__Task goal__. Each line below that carries the string "Kota" must appear in the answer.
┏━━
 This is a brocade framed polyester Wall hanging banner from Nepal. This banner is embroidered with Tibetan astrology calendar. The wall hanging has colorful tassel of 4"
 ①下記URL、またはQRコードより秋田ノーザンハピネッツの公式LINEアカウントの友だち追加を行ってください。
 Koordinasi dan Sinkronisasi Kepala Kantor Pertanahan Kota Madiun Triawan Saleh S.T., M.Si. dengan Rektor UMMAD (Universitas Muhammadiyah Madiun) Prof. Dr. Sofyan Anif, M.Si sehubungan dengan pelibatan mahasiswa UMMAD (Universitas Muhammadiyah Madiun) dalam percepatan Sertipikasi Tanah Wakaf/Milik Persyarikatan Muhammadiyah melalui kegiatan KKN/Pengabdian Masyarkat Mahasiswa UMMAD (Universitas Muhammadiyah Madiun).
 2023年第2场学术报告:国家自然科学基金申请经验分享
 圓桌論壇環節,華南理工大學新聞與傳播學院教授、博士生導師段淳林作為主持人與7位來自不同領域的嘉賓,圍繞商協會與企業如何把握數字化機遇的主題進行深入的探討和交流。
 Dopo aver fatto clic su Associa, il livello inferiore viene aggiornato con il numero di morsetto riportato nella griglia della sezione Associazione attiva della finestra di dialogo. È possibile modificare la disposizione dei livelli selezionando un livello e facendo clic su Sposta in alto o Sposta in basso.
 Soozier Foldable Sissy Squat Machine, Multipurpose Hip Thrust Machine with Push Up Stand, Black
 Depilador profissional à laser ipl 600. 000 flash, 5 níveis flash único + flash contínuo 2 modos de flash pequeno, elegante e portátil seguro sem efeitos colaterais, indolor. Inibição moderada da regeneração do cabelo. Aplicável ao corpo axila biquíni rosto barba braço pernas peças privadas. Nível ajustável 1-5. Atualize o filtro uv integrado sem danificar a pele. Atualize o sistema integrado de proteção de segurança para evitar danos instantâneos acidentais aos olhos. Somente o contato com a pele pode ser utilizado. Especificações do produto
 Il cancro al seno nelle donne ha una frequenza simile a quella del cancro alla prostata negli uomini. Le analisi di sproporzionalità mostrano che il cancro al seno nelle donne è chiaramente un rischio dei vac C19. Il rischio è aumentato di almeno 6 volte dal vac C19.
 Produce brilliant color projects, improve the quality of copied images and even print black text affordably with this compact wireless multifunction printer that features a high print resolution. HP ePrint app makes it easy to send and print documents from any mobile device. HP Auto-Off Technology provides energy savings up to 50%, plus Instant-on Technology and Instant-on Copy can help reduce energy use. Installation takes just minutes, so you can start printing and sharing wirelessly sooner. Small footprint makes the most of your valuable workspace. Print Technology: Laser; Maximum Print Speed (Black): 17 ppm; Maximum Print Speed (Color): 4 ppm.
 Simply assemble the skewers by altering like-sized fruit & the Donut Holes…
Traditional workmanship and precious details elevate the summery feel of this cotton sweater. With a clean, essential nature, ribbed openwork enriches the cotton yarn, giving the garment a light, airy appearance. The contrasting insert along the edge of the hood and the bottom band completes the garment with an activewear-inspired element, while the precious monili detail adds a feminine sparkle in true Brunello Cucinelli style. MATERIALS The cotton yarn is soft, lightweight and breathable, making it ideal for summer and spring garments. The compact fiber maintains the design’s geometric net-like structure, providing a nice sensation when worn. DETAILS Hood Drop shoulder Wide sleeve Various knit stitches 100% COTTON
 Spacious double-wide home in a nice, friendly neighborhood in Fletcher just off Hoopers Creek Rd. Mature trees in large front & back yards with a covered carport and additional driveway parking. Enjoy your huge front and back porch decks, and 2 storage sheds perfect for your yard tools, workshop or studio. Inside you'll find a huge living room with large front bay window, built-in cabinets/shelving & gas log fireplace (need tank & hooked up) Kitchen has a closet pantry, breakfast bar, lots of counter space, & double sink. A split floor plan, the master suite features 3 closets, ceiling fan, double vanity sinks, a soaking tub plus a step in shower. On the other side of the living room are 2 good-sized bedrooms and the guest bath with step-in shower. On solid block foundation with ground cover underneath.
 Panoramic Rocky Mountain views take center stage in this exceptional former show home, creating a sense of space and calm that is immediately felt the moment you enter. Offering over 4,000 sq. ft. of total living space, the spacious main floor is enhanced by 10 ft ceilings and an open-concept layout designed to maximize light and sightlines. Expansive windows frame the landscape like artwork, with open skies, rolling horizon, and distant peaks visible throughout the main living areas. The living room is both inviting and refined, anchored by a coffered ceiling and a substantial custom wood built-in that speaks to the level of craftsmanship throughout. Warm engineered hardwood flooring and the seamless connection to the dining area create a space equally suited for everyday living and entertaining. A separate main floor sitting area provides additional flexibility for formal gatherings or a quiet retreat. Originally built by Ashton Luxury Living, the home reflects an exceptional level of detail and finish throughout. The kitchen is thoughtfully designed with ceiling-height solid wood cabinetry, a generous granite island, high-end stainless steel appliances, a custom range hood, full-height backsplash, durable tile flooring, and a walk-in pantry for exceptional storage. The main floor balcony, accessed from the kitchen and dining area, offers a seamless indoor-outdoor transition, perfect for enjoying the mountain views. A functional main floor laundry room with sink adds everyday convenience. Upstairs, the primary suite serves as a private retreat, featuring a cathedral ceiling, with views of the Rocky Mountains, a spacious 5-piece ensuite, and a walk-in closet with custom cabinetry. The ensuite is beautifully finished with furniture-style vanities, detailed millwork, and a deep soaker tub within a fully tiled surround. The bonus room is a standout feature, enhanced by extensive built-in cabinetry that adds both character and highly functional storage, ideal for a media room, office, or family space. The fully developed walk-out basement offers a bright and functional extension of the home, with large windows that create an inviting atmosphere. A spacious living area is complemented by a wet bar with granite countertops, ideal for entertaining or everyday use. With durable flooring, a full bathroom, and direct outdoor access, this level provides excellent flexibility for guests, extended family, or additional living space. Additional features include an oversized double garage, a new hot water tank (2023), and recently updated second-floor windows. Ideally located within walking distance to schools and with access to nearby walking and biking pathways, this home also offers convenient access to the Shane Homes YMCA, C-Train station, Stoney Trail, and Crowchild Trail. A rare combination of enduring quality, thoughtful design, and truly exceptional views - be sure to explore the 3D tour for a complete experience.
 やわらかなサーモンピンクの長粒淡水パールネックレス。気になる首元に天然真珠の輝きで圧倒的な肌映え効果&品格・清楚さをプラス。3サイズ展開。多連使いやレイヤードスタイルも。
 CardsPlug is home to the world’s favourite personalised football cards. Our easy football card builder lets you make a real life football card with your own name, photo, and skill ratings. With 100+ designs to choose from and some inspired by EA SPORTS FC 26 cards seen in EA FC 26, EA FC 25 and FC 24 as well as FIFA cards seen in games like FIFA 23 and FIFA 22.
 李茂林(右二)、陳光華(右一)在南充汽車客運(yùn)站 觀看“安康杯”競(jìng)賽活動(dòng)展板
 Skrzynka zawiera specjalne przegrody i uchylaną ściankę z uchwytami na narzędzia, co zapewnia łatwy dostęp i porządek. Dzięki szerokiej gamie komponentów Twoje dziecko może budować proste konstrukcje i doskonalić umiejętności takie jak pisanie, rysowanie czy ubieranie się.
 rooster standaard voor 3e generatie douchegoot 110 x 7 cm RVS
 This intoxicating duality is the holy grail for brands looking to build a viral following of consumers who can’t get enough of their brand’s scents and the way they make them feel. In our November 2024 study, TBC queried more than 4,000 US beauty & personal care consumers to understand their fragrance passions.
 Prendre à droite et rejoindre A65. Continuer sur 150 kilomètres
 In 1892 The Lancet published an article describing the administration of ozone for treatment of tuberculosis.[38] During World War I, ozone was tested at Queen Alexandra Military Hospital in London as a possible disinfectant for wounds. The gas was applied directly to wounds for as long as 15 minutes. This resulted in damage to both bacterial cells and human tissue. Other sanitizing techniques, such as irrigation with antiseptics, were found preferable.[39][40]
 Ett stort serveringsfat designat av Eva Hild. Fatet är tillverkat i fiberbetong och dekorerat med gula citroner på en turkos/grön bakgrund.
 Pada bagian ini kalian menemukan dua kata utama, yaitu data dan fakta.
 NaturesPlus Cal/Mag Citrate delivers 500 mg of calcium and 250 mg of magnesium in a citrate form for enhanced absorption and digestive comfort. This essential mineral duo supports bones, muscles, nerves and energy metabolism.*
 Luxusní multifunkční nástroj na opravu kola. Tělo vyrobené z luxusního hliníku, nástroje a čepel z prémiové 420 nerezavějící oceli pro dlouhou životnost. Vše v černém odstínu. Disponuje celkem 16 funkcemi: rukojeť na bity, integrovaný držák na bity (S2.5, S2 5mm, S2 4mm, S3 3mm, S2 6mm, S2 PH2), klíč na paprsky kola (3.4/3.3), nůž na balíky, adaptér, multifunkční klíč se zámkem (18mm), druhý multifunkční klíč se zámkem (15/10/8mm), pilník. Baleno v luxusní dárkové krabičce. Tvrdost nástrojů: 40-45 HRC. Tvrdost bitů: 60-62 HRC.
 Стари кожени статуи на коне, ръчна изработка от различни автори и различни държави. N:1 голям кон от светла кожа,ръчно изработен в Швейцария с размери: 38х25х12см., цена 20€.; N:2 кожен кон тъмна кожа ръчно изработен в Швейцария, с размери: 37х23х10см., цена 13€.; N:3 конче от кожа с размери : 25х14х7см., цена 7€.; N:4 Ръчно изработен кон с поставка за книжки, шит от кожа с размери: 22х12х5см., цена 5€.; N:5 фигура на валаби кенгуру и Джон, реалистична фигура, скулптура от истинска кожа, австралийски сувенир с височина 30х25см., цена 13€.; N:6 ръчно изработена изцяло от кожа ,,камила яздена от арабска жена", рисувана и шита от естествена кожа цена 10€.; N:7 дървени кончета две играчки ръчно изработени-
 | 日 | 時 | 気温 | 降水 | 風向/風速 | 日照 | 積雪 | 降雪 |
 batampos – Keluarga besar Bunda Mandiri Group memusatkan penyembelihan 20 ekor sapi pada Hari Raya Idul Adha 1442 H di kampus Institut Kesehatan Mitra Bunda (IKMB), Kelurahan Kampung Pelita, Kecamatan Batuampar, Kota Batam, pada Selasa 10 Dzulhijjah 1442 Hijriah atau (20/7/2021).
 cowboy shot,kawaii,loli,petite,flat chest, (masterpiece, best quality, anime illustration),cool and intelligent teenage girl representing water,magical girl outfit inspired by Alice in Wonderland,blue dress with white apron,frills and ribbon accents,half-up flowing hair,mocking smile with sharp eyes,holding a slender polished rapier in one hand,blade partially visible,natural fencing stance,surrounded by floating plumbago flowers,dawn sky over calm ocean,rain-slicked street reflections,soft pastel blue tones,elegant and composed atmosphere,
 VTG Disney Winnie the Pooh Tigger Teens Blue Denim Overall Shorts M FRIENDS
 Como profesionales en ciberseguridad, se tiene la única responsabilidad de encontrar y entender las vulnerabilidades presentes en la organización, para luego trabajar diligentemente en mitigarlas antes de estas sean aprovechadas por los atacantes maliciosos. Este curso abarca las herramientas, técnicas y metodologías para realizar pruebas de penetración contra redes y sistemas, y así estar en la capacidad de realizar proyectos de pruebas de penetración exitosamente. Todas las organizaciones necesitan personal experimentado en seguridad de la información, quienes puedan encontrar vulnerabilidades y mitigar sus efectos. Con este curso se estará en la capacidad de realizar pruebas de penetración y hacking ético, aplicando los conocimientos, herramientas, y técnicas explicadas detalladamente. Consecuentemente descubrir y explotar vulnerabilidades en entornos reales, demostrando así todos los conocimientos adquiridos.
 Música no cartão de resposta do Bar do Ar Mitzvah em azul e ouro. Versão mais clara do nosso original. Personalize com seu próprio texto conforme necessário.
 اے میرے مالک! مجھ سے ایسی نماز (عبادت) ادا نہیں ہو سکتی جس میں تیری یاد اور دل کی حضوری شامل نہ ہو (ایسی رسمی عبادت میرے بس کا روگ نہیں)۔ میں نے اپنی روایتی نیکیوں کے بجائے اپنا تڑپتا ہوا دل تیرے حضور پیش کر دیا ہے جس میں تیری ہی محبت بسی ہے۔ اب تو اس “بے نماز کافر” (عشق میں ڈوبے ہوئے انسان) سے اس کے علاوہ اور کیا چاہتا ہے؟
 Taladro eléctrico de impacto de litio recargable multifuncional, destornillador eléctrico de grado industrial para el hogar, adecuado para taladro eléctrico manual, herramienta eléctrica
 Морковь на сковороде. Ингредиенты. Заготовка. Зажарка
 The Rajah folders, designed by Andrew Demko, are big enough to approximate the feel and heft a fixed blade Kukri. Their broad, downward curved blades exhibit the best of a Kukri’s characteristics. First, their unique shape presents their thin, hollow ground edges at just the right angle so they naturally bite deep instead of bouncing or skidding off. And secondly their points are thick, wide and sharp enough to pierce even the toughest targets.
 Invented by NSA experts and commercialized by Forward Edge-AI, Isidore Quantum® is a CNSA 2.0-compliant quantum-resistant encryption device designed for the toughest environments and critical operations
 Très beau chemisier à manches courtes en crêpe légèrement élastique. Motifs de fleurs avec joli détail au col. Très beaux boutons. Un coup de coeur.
┗━━
__Reply__.
 Koordinasi dan Sinkronisasi Kepala Kantor Pertanahan Kota Madiun Triawan Saleh S.T., M.Si. dengan Rektor UMMAD (Universitas Muhammadiyah Madiun) Prof. Dr. Sofyan Anif, M.Si sehubungan dengan pelibatan mahasiswa UMMAD (Universitas Muhammadiyah Madiun) dalam percepatan Sertipikasi Tanah Wakaf/Milik Persyarikatan Muhammadiyah melalui kegiatan KKN/Pengabdian Masyarkat Mahasiswa UMMAD (Universitas Muhammadiyah Madiun).
 batampos – Keluarga besar Bunda Mandiri Group memusatkan penyembelihan 20 ekor sapi pada Hari Raya Idul Adha 1442 H di kampus Institut Kesehatan Mitra Bunda (IKMB), Kelurahan Kampung Pelita, Kecamatan Batuampar, Kota Batam, pada Selasa 10 Dzulhijjah 1442 Hijriah atau (20/7/2021).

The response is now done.